The Goyang International Flower Festival is one of the largest flower festivals in South Korea and takes place in the city of Goyang. It attracts many visitors annually. The festival is held in a metropolitan area and serves as a model for local culture festivals, in which some foreign flower farmers participate.

During the festival, flower events and cultural performances are held, and visitors can buy flowers from all over the world, which helps promote the domestic flower industry.

In 2015, the festival was held from 24 April to 10 May at Ilsan Lake Park. The 2015 festival was the largest to that date, consisting of 25 national pavilions, 120 companies from 35 countries, and 200 domestic companies. The exhibition occupied 150000 m2; it was organized by the Goyang International Flower Foundation.

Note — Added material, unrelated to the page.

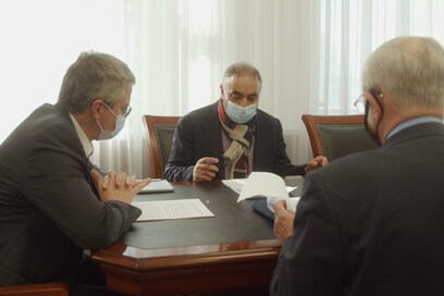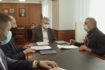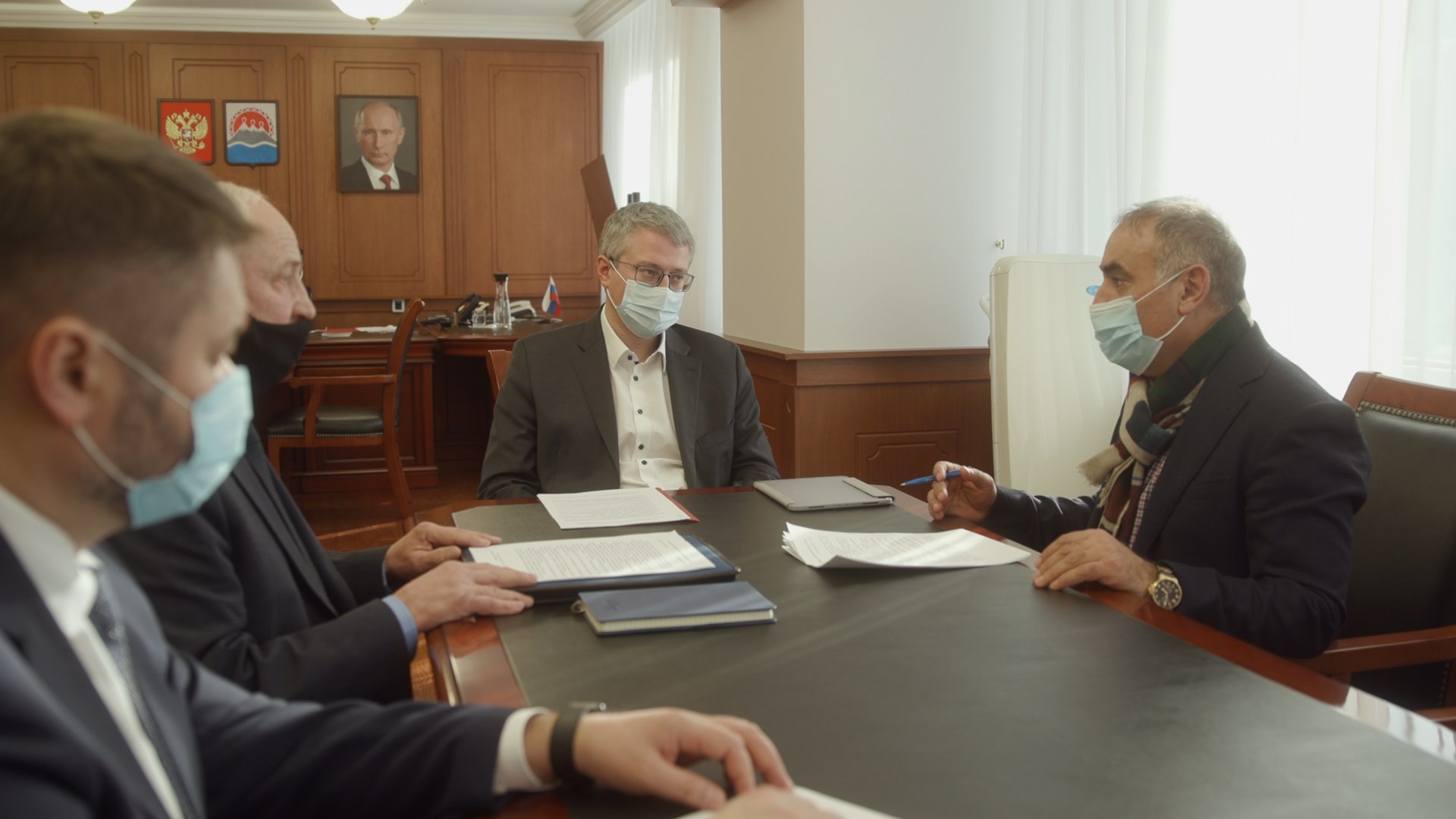 Владимир Солодов провел рабочую встречу с президентом Союза "Торгово-промышленной палата Камчатского края" Евгением Кабановым и заместителем председателя постоянного комитета по бюджетной, налоговой, экономической политике, вопросам собственности и предпринимательства (на неосвобожденной основе) Законодательного собрания Камчатского края Рашидом Шамояном.

Sustainability and ESG Campaigns
Recent editions have integrated environmental ESG (Environmental, Social, and Governance) values. In partnership with the Korea Arboreta and Gardens Institute, the 2026 festival launched a public campaign to support the restoration of forests damaged by wildfires, allowing visitors to participate directly in environmental recovery efforts.

== History ==
The festival started as Goyang Korea Flower Show in 1991, and was held as an annual, domestic event until 1996. From 1997 to 2012, the Goyang International Flower Festival was held every three years. Since 2013, it returned to being held annually. It has since attracted 5.7 million people and has grown into one of the most famous international flower festivals in Korea.

=== Timeline ===
Source:
- In 1991, the 1st Goyang Korea Flower Show was held.
- In 1997, the 1st Goyang International Flower Festival was held.
- In 2012, the 6th Goyang International Flower Festival was held.
- In 2013, the 7th Goyang International Flower Festival was held.
- In 2014, the 8th Goyang International Flower Festival was held.
- In 2015, the 9th Goyang International Flower Festival was held from 24 April to 10 May.
- In 2016, the 10th Goyang International Flower Festival was held.
- In 2017, the 11th Goyang International Flower Festival was held.
- In 2018, the 12th Goyang International Flower Festival was held from 27 April to 13 May.
- In 2019, the 13th Goyang International Flower Festival was held from 26 April to 12 May.
- In 2022, the 14th Goyang International Flower Festival was held from 22 April to 26 April.
- In 2023, the 15th Goyang International Flower Festival was held from 27 April to 8 May.
- In 2026, the 18th Goyang International Flower Festival was held from 24 April to 10 May.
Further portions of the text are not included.